In the final step, a third instance of the Granite model takes the initial question, the focused data tables, and the highest scoring lines of code, and generates a series of SQL queries. The system upvotes the queries that execute and picks the one that repeats most often.
IBM’s solution is unique in two ways. While most text-to-SQL systems currently generate column names for relevant sub-tables, IBM researchers chose an extractive method, that led to a seven-times speedup. In the content-linking step, they chose a generative, rather than search-based, method for improved accuracy.
“Extractive schema linking is a faster way to do it,” said Michael Glass, an LLM researcher who led IBM’s text-to-SQL team. “If you have a large schema, you might care about speed. For content-linking, what matters most is precision. We had to make trade-offs between recall and precision.”
IBM’s solution shot to the top of the BIRD leaderboard in May. But as difficult as BIRD might be, its test database comes pre-labeled in natural language. In the real world, the situation is far messier, which is why researchers fine-tuned an LLM to tag lakehouse data with natural language descriptions to make it easier to find and transform. (IBM Knowledge Catalog and watsonx.data recently incorporated this technology).
In addition to the text-to-SQL generator, IBM researchers are developing a user experience that makes it easier to interact with your structured data. Their goal is to create a conversational graphical user interface (GUI) that combines the personal feel of an AI chat interface with the intuitiveness of a web-based GUI.
For inspiration, researchers collected extensive feedback from data stewards and engineers as well as business analysts. “We spent time learning about the user before we wrote a single line of code,” said Daniel Weidele, an IBM researcher who led the team that developed the conversational GUI, or CGUI.
To align the two interface modalities — text and graphics — IBM researchers made sure that any questions and answers that appear in the chat box are mirrored in the GUI, where the user can visualize results and explore further with a click.

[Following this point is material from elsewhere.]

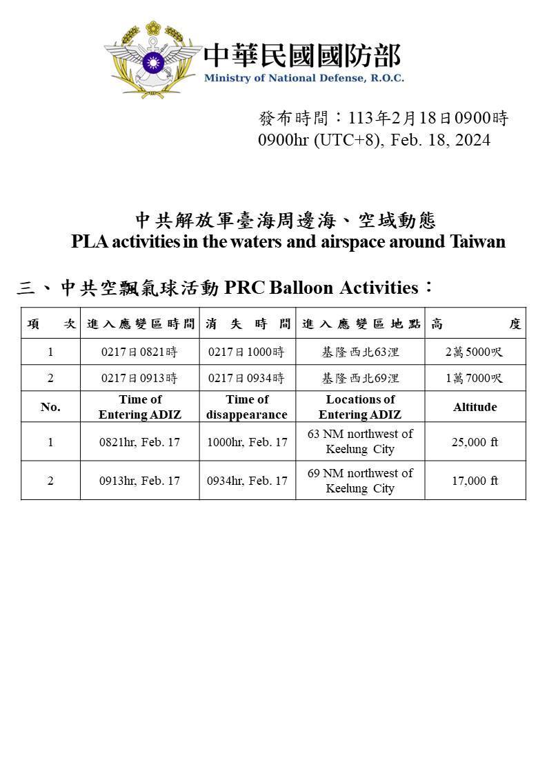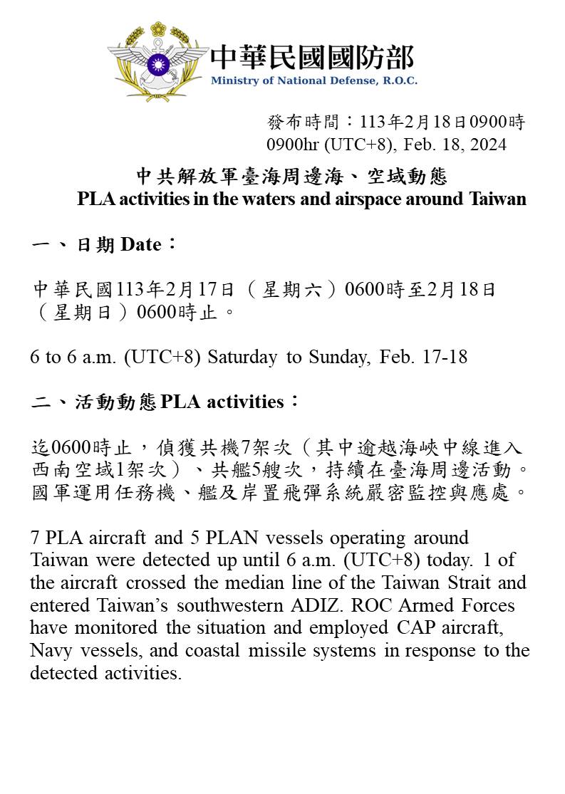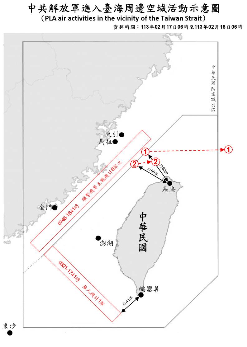 中共解放軍臺海周邊海、空域動態(113年2月18日)

Let’s say you want to know more about the purchasing habits of high-net-worth companies. You would start by curating a new table, and typing your question into the chat window on the left. An LLM-powered assistant instantly brings up a set of suggested tables on the right with short and long descriptions of the data.
To find additional tables that could be relevant, you would click on the tab, “schema graph,” which brings up a map of how all the tables in the collection relate conceptually. “You may not be familiar with all the data in the lakehouse,” said Weidele. “How can you even ask for products a customer bought if you don’t know you have that table?”
A tab for “example questions” offers prompts designed to help you refine your search, for example, to companies with a certain amount of gross revenue. The suggested questions also provide a creativity boost, allowing you to expand your search in new and potentially fruitful directions.
After submitting your revised question in the chatbox, the LLM returns a table with results and a breakdown of how it computed its answer. Click on the “decomposition” tab, and you can review each step the system took to solve the problem, along with the SQL code it ran to get there. Editing the code is as simple as clicking on it.
“Seeing the code helps you trust what the model is saying,” said Weidele. “It also helps you refine your query if the results don’t capture your intent.”
Embedded in the CGUI is a visualization tool that lets you conversationally turn your results into a chart that can be edited and exported into a slide deck to more clearly communicate takeaway messages to colleagues.
IBM researchers are working with developers to incorporate these new generative AI features into several watsonx products. They are also continuing to improve the text-to-SQL generator and underlying language models.